“‘Less is more’ is becoming a common refrain in some areas of cancer treatment, and one that is paying off for patients’ quality of life. This trial seeks to balance quality of life and increased survival for older and frail people receiving palliative treatment for gastroesophageal cancer, providing data that we sorely need for this patient population. These data are important because they provide a potential new option for patients to slow the progression of the disease,” said ASCO President Monica M. Bertagnolli, MD, FACS, FASCO.
The phase III GO2 randomised trial of 514 older and frail people in the United Kingdom with advanced gastroesophageal cancer found that the lowest tested dose of oxaliplatin (Eloxatin) and capecitabine (Xeloda) was comparable to the highest dose in terms of delaying disease progression and minimising side effects.

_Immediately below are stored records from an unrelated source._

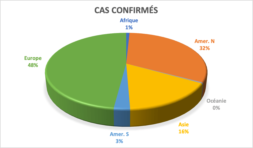 Covid 19. Répartition des cas confirmés par continent (infographie Dahmane SOUDANI)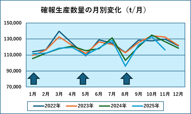 まず、前年同月と土日祝日数がどうなっているかを調べました。ただし、1月、5月、8月は除外しました。理由はそれぞれの月に長期が休暇が設定される場合が多いのではないかと思ったからです。1月の正月休み、5月の連休、8月の夏季休暇です。この3カ月は例年、他の月に比べて明らかに生産量が少なくなっています(下図参照)ので、おそらく普通の月とは異なる休日設定がされているものと思われます。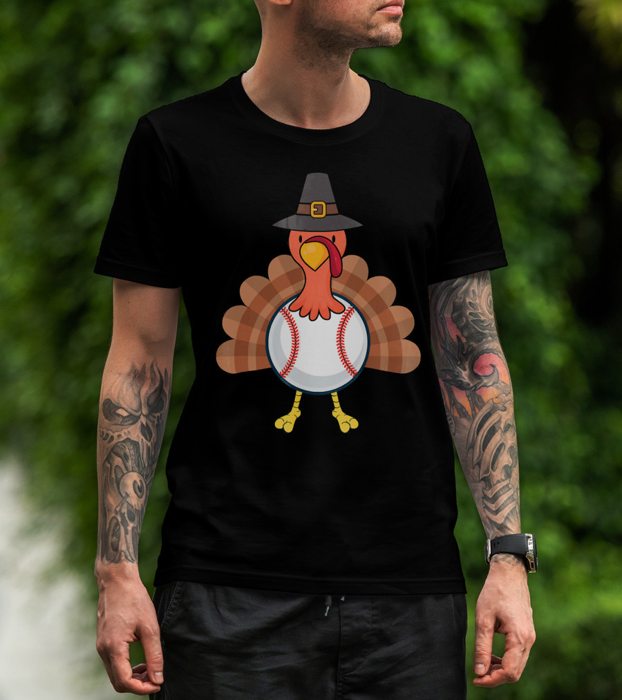 Thanksgiving Pilgrim Turkey Baseball Fusion T-Shirt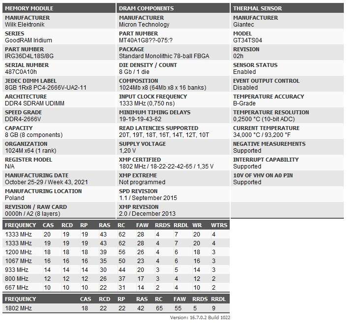 Test pamięci DDR4 Goodram IRDM RGB 2x 8 GB 3600 MHz CL18
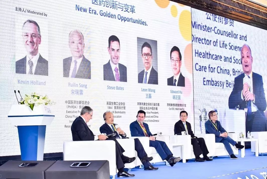 专题讨论嘉宾(从左到右):英国驻华大使馆公使衔参赞Kevin Holland先生,中国医药创新促进会(PhIRDA)执行会长宋瑞霖先生、英国生物工业协会(BIA)首席执行官Steve Bates先生、药明康德联席首席执行官胡正国先生、以及阿斯利康全球执行副总裁,国际业务及中国总裁王磊先生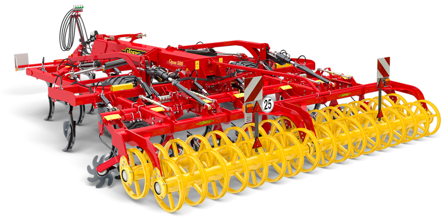 De wielen bevinden zich in het midden van de machine, waardoor de Opus gemakkelijk te vervoeren is en een kleine draaicirkel heeft op de kopakker. Achter elk wiel zit een tand om een bewerking zonder sporen achter te laten. Steunwielen op de vleugelsecties zorgen ervoor dat de cultivator over de gehele werkbreedte op een constante diepte werkt.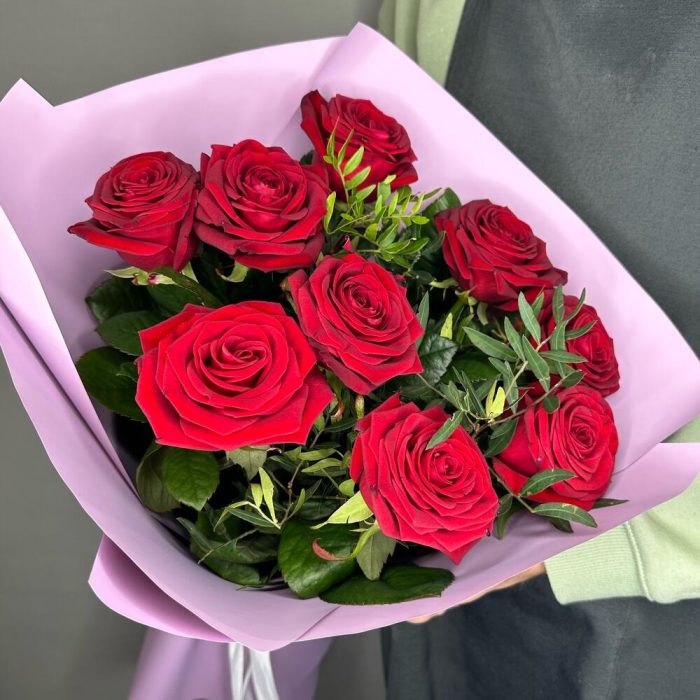 Лента атласная – 1 шт.Фисташка – 2 шт.Упаковка дизайнерская – 1 шт.Роза одноголовая россия – 9 шт.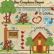 Esta colección incluye una casa, colinas cubiertas de hierba, árboles, flores coloridas, abejorros, pequeños corazones rojos, un corazón rojo con una estrella dorada en el medio, un dulce pajarito azul, un borde de estrella, un borde de corazón, un poste de madera con un letrero que dice: "Bienvenidos amigos, todos y cada uno" y dos gráficos con palabras: "El más grande de ellos es el amor" y "Vive, ama, ríe". Tenga en cuenta: este conjunto coordina con la colección "Live, Love, Laugh - Scrap Papers" . Este conjunto contiene 10 gráficos.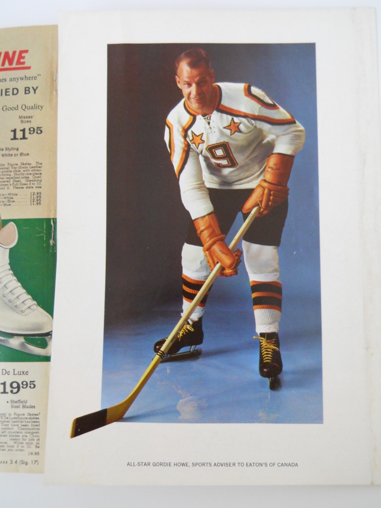 It is interesting to note that the inside back cover of the 1964 Eaton's Christmas catalogue contained a color photo pin-up of hockey legend, Gordie Howe. This pin-up could be removed without harming the rest of the back cover of the catalogue due to the pin-up's "fold-out" nature. The inclusion of a "fold out" front or back cover was a common practice on some catalogs in the 1960's, but it was usually intended to display additional merchandise; the pin-up concept was only a one-time occurrence.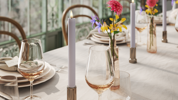 Vela fina funciona particularmente bem em prateleiras simples na mesa de jantar ou aparador quando se deseja um visual clássico e calmo.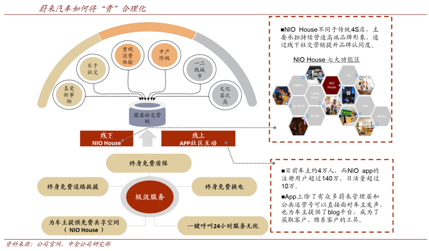 經(jīng)典案例:根據(jù)公司官網(wǎng)、中金公司研究部等綜合資訊表明,蔚來汽車并沒有直接降價(jià)來解決貴的問題,而是通過提供極致服務(wù)、圈層營銷,使“貴”合理化。一方面,蔚來提供全面、極致的售后服 務(wù)體驗(yàn),包括終身免費(fèi)道路救援、終身免費(fèi)質(zhì)保、終身免費(fèi)道路換電、免費(fèi)共享空間等; 另一方面,線下 NIO House 和線上 APP 社區(qū)齊發(fā)力,利用圈層社交營銷,提升品牌認(rèn)可度,塑造高端形象,使“貴”合理化。

The study will be presented at the upcoming 2019 ASCO Annual Meeting in Chicago.
“Previous trials of palliative chemotherapy for gastric and esophageal cancer have not included frail or older patients, therefore the benefit of chemotherapy in these groups was unknown,” said lead study author Peter S. Hall, PhD, a Medical Oncologist at the University of Edinburgh, United Kingdom. “We hope our finding helps patients make a more informed choice, between low-dose chemotherapy and no chemotherapy at all, with the knowledge that that low-dose chemotherapy can prove beneficial and still allow them to maintain some quality of life while slowing the progression of the disease.”
Each year, more than 17,000 people in the United States are diagnosed with esophageal cancer, and the majority are older or frail and unable to tolerate the combination of three types of chemotherapy.
This cancer is usually diagnosed at a late stage and is the sixth most common cause of cancer deaths worldwide.
It is more common in men and older people, with a median age at diagnosis of 68.
The 5-year relative survival rate for advanced gastroesophageal cancer in the United States is 5%.2
About the Study
In a phase II trial in a similar population of older and frail patients with advanced gastroesophageal cancer, the combination of oxaliplatin, a therapy that inhibits DNA replication, and capecitabine, a therapy that inhibits tumour cell division, was found to be more effective at controlling disease than capecitabine alone.
It was also more effective than a combination that included oxaliplatin, capecitabine, and epirubicin (Ellence), which was too toxic and could not be tolerated.
Epirubicin inhibits DNA and RNA synthesis, resulting in cancer cell death.
This trial was designed to find the optimum dose of capecitabine and oxaliplatin for use in older or frail patients.
To determine optimal clinical benefit, tolerability, quality of life, and patient satisfaction, for the two-medicine therapy, researchers incorporated these factors and others into an assessment tool called Overall Treatment Utility, or OTU.
Between 2014 and 2017, investigators randomly assigned people, age 51 to 96, to three dosage levels.
Level A was 130 milligrams per meter squared of body surface area (mg/m2) of oxaliplatin given once every 21 days and a 625 mg/m2 dose of capecitabine twice a day given continuously.
Level B was 80% of Level A dosage and Level C was 60% of Level A dosage.
People with decreased kidney function received 75% of the suggested doses of capecitabine.
After 9 weeks, patients were assessed for OTU. Continuation of the medicines was based on the judgement of the physicians.
People who received Level C dosages had fewer toxic reactions to the medicines and better OTU outcomes than Levels A or B.
Level C produced the best OTU even in younger, less frail people and no group benefited more from higher dosage levels.
Several secondary measures were also assessed.
Overall survival was comparable across doses: patients lived a median of 7.5 months at Level A dosages, 6.7 months for Level B, and 7.6 months for Level C.
Researchers also found the same times for progression-free survival (length of time without signs of the cancer progressing) across all three levels: people receiving Level A doses lived a median of 4.9 months, Level B a median of 4.1 months, and Level C a median of 4.3 months, all without signs of the disease worsening.
Side effects of grade 3 or more, which can often be serious, were seen in 56% of people getting Level A and B doses but were seen in only 37% of people getting Level C doses.
People getting Level C doses also had a higher percentage of good OTU scores (43%) compared to Levels A and B (35% and 36% respectively).